The required result is an exact copy of the lines from the one containing "THat tiny goat" to the last line of the records, both ends included, without pictures.
RECORDS FOR THIS TASK: Begin
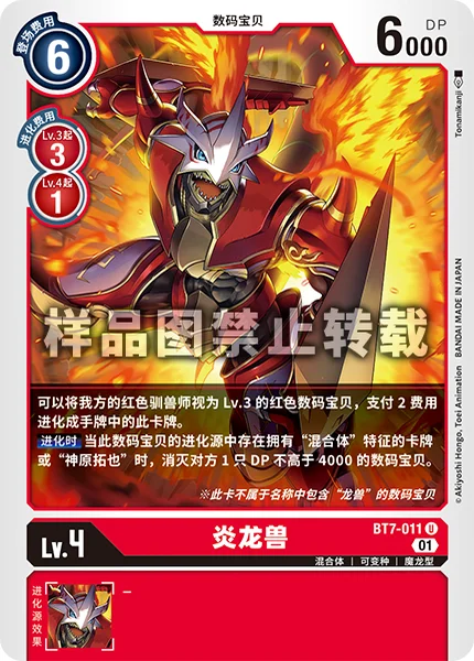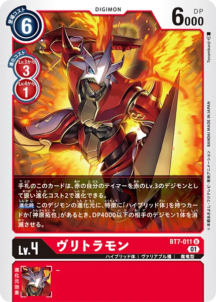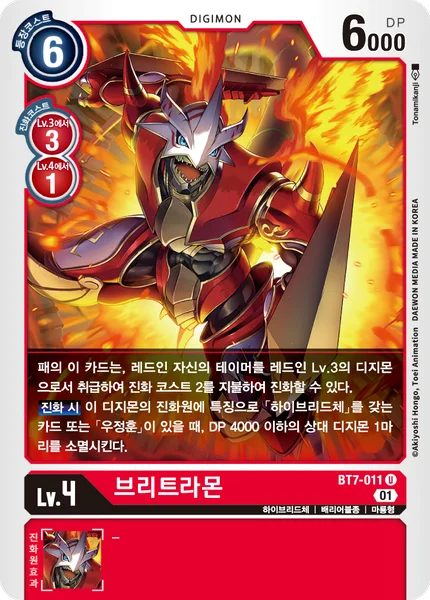 You may digivolve this card from your hand onto one of your red Tamers as if the Tamer is a level 3 red Digimon for a memory cost of 2. When Digivolving If a card with [Hybrid] in its traits or [Takuya Kanbara] is in this Digimon's digivolution cards, delete 1 of your opponent's Digimon with 4000 DP or less.
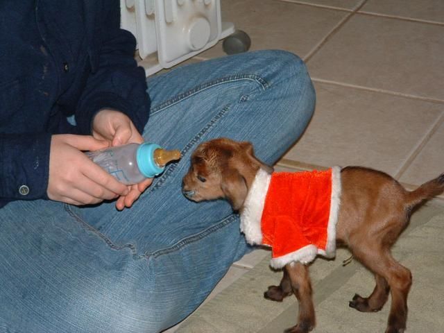 THat tiny goat is precious!! Love the Santa outfit. I kept my twins in a cardboard box-- it was a long time before they had the ability to hop out. Figured then it was time to go back to the barn.
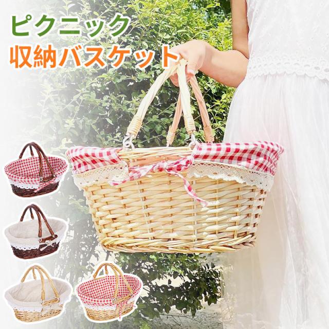 ピクニックバスケット ピクニック バスケット カゴ収納 プラスチック 持ち手 ランチバスケット 2ハンドル 海水浴 キャンプ アウトドア【ピクニックに可愛い】
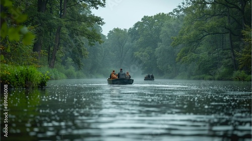 A family with their pets boating down a forest river, navigating through calm waters and enjoying the scenic views realistic photo, high resolution , Minimalism,
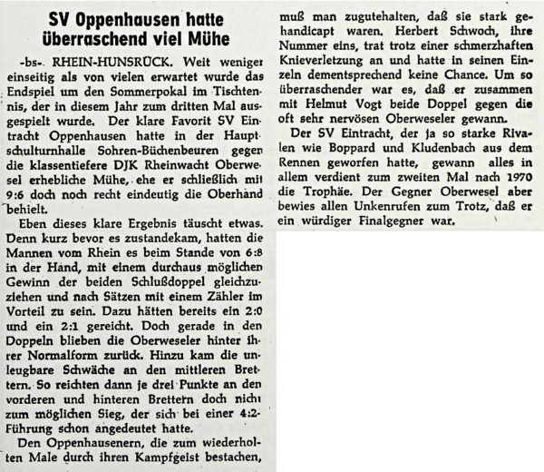 Schlagzeilen machte erneut der Sommerpokal. Hier der Bericht vom Endspiel in der Hunsrücker Zeitung am 1.August 1972:
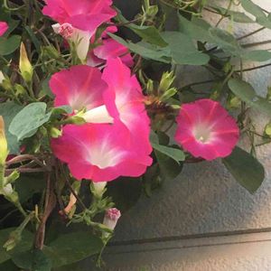 そして先程夕方の朝顔、、 色合いがピンク系に。 不思議だぁฅ•ω•ฅ😸
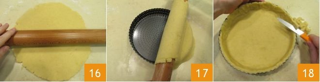At this point, take your pastry from the refrigerator and roll it out on a lightly floured surface, creating a circle about 1/8 inch thick 16. Using a rolling pin, lift the rolled-out pastry and gently place it on a 9.5-inch circular tart pan 17. Press the pastry into the pan and use a small knife to trim any excess that hangs over the edges 18.
RECORDS FOR THIS TASK: End
-- OUTPUT OF THE EXERCISE --
 THat tiny goat is precious!! Love the Santa outfit. I kept my twins in a cardboard box-- it was a long time before they had the ability to hop out. Figured then it was time to go back to the barn.
 ピクニックバスケット ピクニック バスケット カゴ収納 プラスチック 持ち手 ランチバスケット 2ハンドル 海水浴 キャンプ アウトドア【ピクニックに可愛い】
 A family with their pets boating down a forest river, navigating through calm waters and enjoying the scenic views realistic photo, high resolution , Minimalism,
 Schlagzeilen machte erneut der Sommerpokal. Hier der Bericht vom Endspiel in der Hunsrücker Zeitung am 1.August 1972:
 そして先程夕方の朝顔、、 色合いがピンク系に。 不思議だぁฅ•ω•ฅ😸
At this point, take your pastry from the refrigerator and roll it out on a lightly floured surface, creating a circle about 1/8 inch thick 16. Using a rolling pin, lift the rolled-out pastry and gently place it on a 9.5-inch circular tart pan 17. Press the pastry into the pan and use a small knife to trim any excess that hangs over the edges 18.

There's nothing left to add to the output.